Cir. 2006). On the other hand, “when the allegations in a complaint, however true, could not raise a claim of entitlement to relief,” dismissal is appropriate. Bell Atlantic Corp. v. Twombly, 550 U.S. 544, 558 (2007). A pro se litigant’s “conclusory allegations without supporting factual averments are insufficient to state a claim upon which relief can be based.” Hall v. Bellmon, 935 F.2d 1106, 1110 (10th Cir. 1991). “[A] plaintiff’s obligation to provide the ‘grounds’ of his ‘entitlement to relief’ requires “more than labels and conclusions, and a formulaic recitation of the elements of a cause of action.” Twombly, 550 U.S. at 555 (citations omitted). The complaint’s “factual allegations must be enough to raise a right to relief above the speculative level” and “to state a

claim to relief that is plausible on its face.” Id. at 555, 570. The Tenth Circuit Court of Appeals has explained “that, to state a claim in federal court, a complaint must explain what each defendant did to [the pro se plaintiff]; when the defendant did it; how the defendant’s action harmed [the plaintiff]; and, what specific legal right the plaintiff believes the defendant violated.” Nasious v. Two Unknown B.I.C.E. Agents, 492 F.3d 1158, 1163 (10th Cir. 2007). The court “will not supply additional factual allegations to round out a plaintiff’s complaint or construct a legal theory on a plaintiff’s behalf.” Whitney v. New Mexico, 113 F.3d 1170, 1173-74 (10th Cir. 1997) (citation omitted). The Tenth Circuit has pointed out that the Supreme Court’s decisions in Twombly and Erickson gave rise to a new standard of review for § 1915(e)(2)(B)(ii) dismissals. See Kay v. Bemis, 500 F.3d 1214, 1218 (10th Cir. 2007) (citations omitted); see also Smith v. United States, 561 F.3d 1090, 1098 (10th Cir. 2009). As a result, courts “look to the specific allegations in the complaint to determine whether they plausibly support a legal claim for relief.” Kay, 500 F.3d at 1218 (citation omitted). Under this new standard, “a plaintiff must ‘nudge his claims across the

line from conceivable to plausible.’” Smith, 561 F.3d at 1098 (citation omitted). “Plausible” in this context does not mean “likely to be true,” but rather refers “to the scope of the allegations in a complaint: if they are so general that they encompass a wide swath of conduct, much of it innocent,” then the plaintiff has not “nudged [his] claims across the line from conceivable to plausible.” Robbins v.
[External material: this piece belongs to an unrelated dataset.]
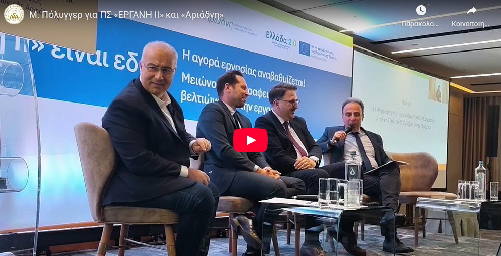 Ο Πρόεδρος, Μιχάλης Πόλυγγερ, εκπροσωπώντας και το Οικονομικό Επιμελητήριο Ελλάδος στην Ημερίδα παρουσίασης των ΠΣ «ΕΡΓΑΝΗ ΙΙ» και «Αριάδνη» που πραγματοποιήθηκε στις 17/12/2025 από το ΥΕΚΑ

Oklahoma, 519 F.3d 1242, 1247 (10th Cir. 2008) (citing Twombly, 127 S. Ct. at 1974). III. DISCUSSION 1. Medical Care “[D]eliberate indifference to a pretrial detainee’s serious medical needs includes both an

objective and a subjective component.” Strain v. Regalado, 977 F.3d 984, 989 (10th Cir. 2020) (finding that although a pretrial detainee’s claim is based on the Fourteenth Amendment, the same standard for Eighth Amendment claims applies).1 To establish the objective component, “the alleged deprivation must be ‘sufficiently serious’ to constitute a deprivation of constitutional dimension.” Id. at 989–90 (citations omitted).